Following TAVI, vascular complications are a major cause of morbidity and mortality and are also associated with increased healthcare costs and reduced quality of life. The most common complications involve the iliofemoral artery pathway.11 Graft infection can result from surgical site infection, a well-known complication of peripheral arterial reconstructive surgery. Although relatively uncommon,12 graft infection is associated with very high rates of amputation and mortality (52% and 58%, respectively), with a major impact on the outcome of revascularization procedures.12,13
In a study by Lee et al.,13 292 out of 317 patients underwent femoral endarterectomy. Groin infections occurred in 19.6% of cases: 6.3% developed deep infections extending into muscle and fascia, and 13.2% developed superficial infections. The median time to diagnosis was 17.5 days after surgery. Reported risk factors included diabetes mellitus, coronary artery disease, congestive heart failure, and chronic kidney disease, whereas current smoking was less prevalent among affected patients. Amputation and 30-day mortality rates in patients with groin infections were 11.3% and 6.5%, respectively.13 Although the current trend in the literature favors graft preservation through negative-pressure wound therapy, with or without muscle flap coverage,14,15 autologous material should be used whenever possible for lower limb revascularization. We strongly recommend the use of any available vein, such as the superficial femoral vein, to achieve favorable mid- and long-term outcomes.
Regarding the use of autologous vein grafts in arterial reconstruction after open surgery and infection of synthetic grafts or patches, the femoropopliteal vein is the most frequently used option.16,17,18,19,20,21,22 In a study by Dorsweiler et al.,16 which analyzed 19 femoral artery reconstructions utilizing femoral vein grafts, a patency rate of 87%, limb salvage rate of 93%, and a reintervention-free rate of 81% were reported. In addition, Beck et al.18 observed that smaller graft size, a history of coronary artery disease, and smoking were associated with stenosis of the femoropopliteal vein. Similar findings were documented by Daenens et al.19 and Gibbons et al.21 In the present case, due to the smaller diameters of the femoral arteries, we opted to use the great saphenous vein to fashion a bifurcated graft. Similarly, Tsunekawa et al.23 reported excellent one-year outcomes after carotid artery reconstruction with an autologous bifurcated saphenous vein graft.

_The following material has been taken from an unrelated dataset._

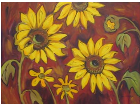
Sunflowers by Jurgita Mekyte

(see the article on page 12 for more details on the open board meetings).

This case illustrates the challenges of vascular reconstruction using a Y-shaped graft fashioned from two GSV segments in an elderly patient with multiple comorbidities and a history of infected prosthetic patches. Despite advanced age, frailty, and significant cardiovascular risk, a tailored surgical approach, including extensive debridement, autologous reconstruction, and sartorius muscle flap coverage, achieved successful short-term outcomes. At 6 months, the patient demonstrated complete wound healing, patent grafts, restored blood flow, and no signs of infection, underscoring the value of individualized vascular surgery even in high-risk elderly patients.